Dr. Patch Adams and Norman Cousins

Hunter "Patch" Adams was sorely criticized in his official permanent record at medical school, because he displayed "excessive happiness." Since when does depression make a good doctor?

My own family doctor, as I grew up through high school, was depressed and nasty. While he saw patients, he smoked, yelled, and drank Pepto Bismal incessantly to ease stomach ulcers. His daughter became a nurse and was found lying in the nurses lounge of the downtown hospital complex in which she worked shortly after graduation - dead of a drug overdose se took from the drug supply of the hospital. Her father closed up his practice early the next morning without cancelling patients and left town, never to be heard from again. His long time sole employee, a tired nurse, was left to deal with the aftermath. This all was not good medicine.

The training of doctors can be abusive, and it need not be so. Adams was exhorted by his faculty advisor that, "If you want to be a clown, join a circus."

Adams no longer wanted to ccommit suicide as he once had, and yes, he did want to be a clown; but, not in a circus. His goal was to use laughter and innovation in the realm of medicine.

Despite the efforts of bullies still in the medical establishment and misunderstandings and heartbreak while developing his humor, Adams became successful. He uses the concepts of an indidivual life calling and humor to heal the everyday lives and the accute tragedies of his patients and community at Gesundheit Insitute and around the world.

The Doctor travels 300 days a year and gives up to 11 presentations a day, showing how serious he is that humor will work miracles. Busloads of volunteers travel with him annually to places as far off as rural parts of Russia and third world countries, where they all done clown noses and laught and care for patients and the broken and downtrodden. He receives so many applications to volunteer each year, that he has to turn away many individuals.

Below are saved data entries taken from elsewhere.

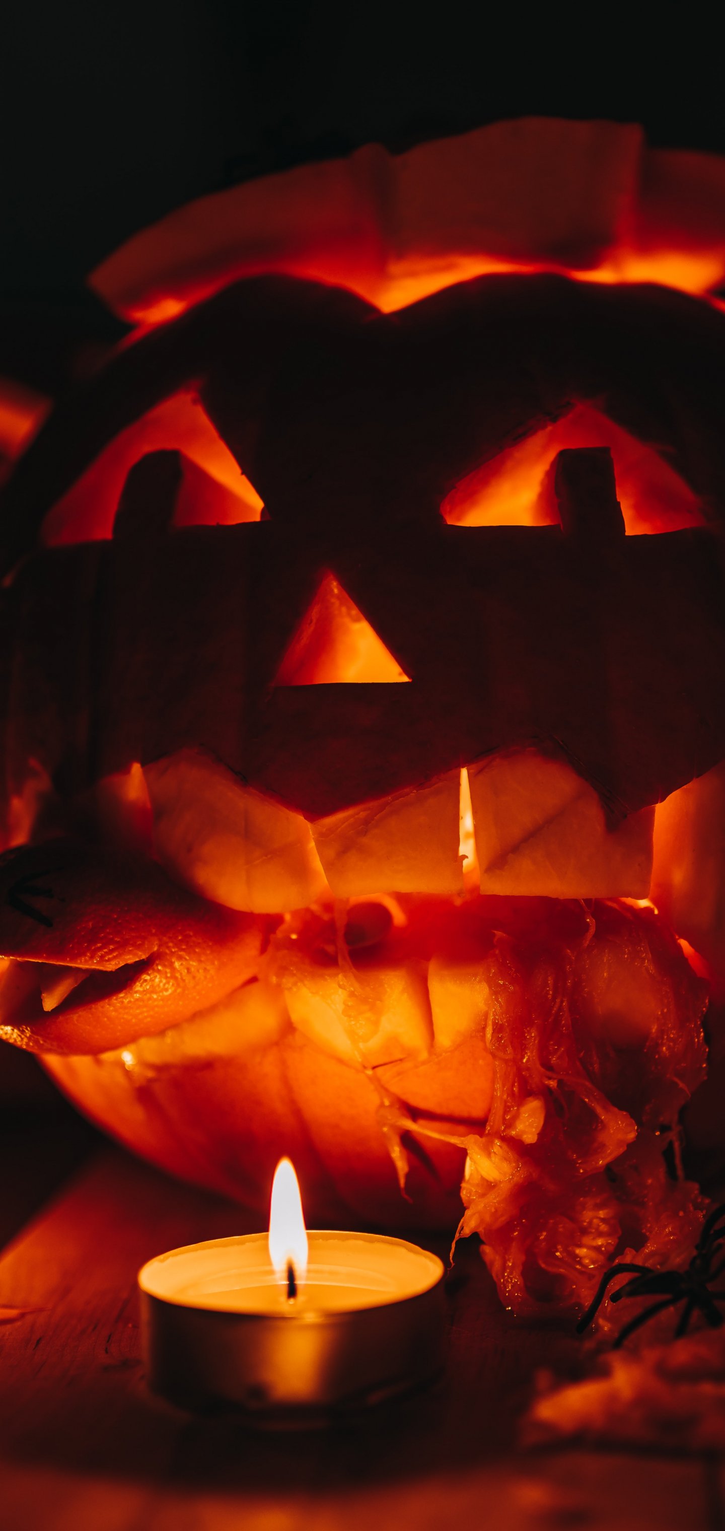 Wallpaper: halloween, pumpkin, candles - 1440x3040
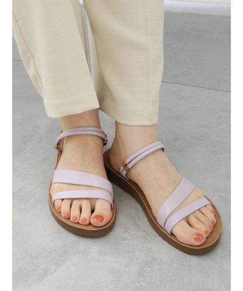 アッパー部分のデザインがお洒落な風合いを演出するサンダル。ストラップの位置を変えることで、2通りの履き方を楽しめます。歩きやすさを実現するフラットな形状もポイント◎暖かい季節のお出かけシーンに重宝したいアイテムです。※商品画像は、撮影環境やお客様のご利用のPC・スマートフォンのモニター環境などにより実物と色味に差異がある場合がございます。
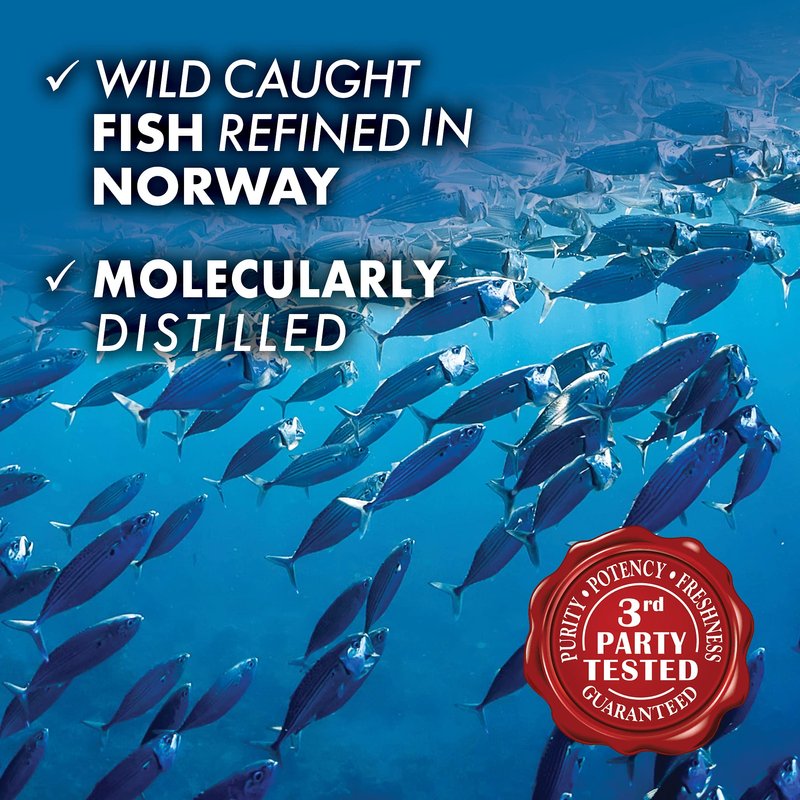 - TESTED FOR PURITY & POTENCY - The fish oil used is sustainably harvested from wild-caught ocean fish that are refined in Norway. Molecularly distilled and 3rd party tested by an independent, cGMP-registered laboratory using AOAC/AOCS methods for purity and potency.

Patch Adams contemplated suicide, spent time as a patient in a mental institute, worked in a psychiitric facilty and came out laughing with the world. He invites others to laugh and treat others with kindness and good humor as well.

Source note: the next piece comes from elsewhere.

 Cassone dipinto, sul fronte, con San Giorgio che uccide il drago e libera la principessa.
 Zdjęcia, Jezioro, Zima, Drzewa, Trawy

Well before Patch Adams became famous, Norman Cousins popularized his plight of poor health and his laughter cure. Almost completely paralyzed by crippling arthrits and similar autoimmune dysfuction, Cousins checked out of the hospital and moved across the street to a hotel where his doctr could visit frequqnelty. Cousins watched funny films and TV shows and the laughter loosenes his jaw, then his neck and then his extremtities so that he could start moving a bit. Adding natural and organic foods and viatmins, he was up exercizing in good time and back to work as a major magazine editor in several months. He evenutally became a professor in Southern California, teaching new doctors how to use laughter to heal.

Universities across America have insituted Humor In Medicine courses, because they have been inspired by his example.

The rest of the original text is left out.